When they were finally able to move on, Penny answers the door, and Amy come in and asks what Sheldon’s doing there. Penny says he wants to talk. Amy says she doesn’t want to talk to him, “and I’m not happy with you either, but we both know that won’t last.” Penny tells Sheldon he’s up. Sheldon says that he wants to apologize and congratulate her on her accomplishment, and smiles. Amy says they both know that’s his koala smile, and Sheldon turns to Penny and says “told you!”

Penny says, look, he bought you something!, and hands Amy a small bag. Amy asks, really?, and says he’s the most self-centered person she knows, does he really think that another gift with - oh, it’s a tiara!! She freaks out over it, and goes to Penny and asks her to put it on her, so Penny does and tell her she looks beautiful, and Amy says, “of course I do, I’m a princess with a tiara!” Amy turns to Sheldon and kisses him (pretty short kiss), then wraps her arms around him in a tight hug. He gently hugs her back, then tells Penny over her shoulder that she was right, the tiara was a bit much.

On the first take, after they cut Kaley walked up behind Mayim and joined in on the hug, so Mayim was sandwiched between her and Jim.
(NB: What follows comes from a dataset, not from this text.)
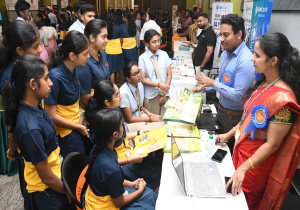 கோவை பீளமேடு நேஷனல் மாடல் பள்ளி அரங்கில் நடைபெற்ற கரியர் பாத் நிகழ்ச்சியை இடம்பெற்றுள்ள அரங்கை பார்வையிட்ட பள்ளி மாணவிகள்.

Then on the second take, Jim was smiling a bit as Mayim hugged him in the end of the scene.


Howard’s in his room, practicing a card trick. Mrs. Wolowitz yells that Bernadette’s here… but Bernadette walks into his room, and then Mrs. Wolowitz says she snuck right past her. Bernadette says tells Howard she came to return the vest. Howard tell her she can keep it and wear it again later. Bernadette asks for what? On the first take, Howard said jogging at night. Later his answer changed to hunting.

Mrs. Wolowitz yells to talk to Bernadette about this thing where she’s not getting grandkids. Howard yells that he will, when he finds the right moment to bring up the sensitive topic! Bernadette asks, you talked to your mom? Howard say he was upset, and she’s a good shoulder to cry on, if the smell of something doesn’t make your eye burn.

Bernadette says that she knows this kid thing is important to him, and she thinks she’s come up with a solution. Howard asks what, and she says that since she makes a lot more money than him anyway, she’ll keep working, and he can stay home with the kids. He’ll watch Barney, and pull Cheerios out of their nose, and go on play dates, while she goes to work and talks to people her own age and has a life. She asks if that sounds good, and he hesitantly say sure. She asks if they’re okay, and he smiles and says yes. Bernadette says she’s not sure if this counted as a fight, but make up sex? On the first take, Howard suggests they just cuddle tonight, and leans his head against her shoulder. Then it was changed, so he says that sounds good, but what’s this behind her ear - it’s a condom! (A much better ending, cause the first one definitely fell flat.)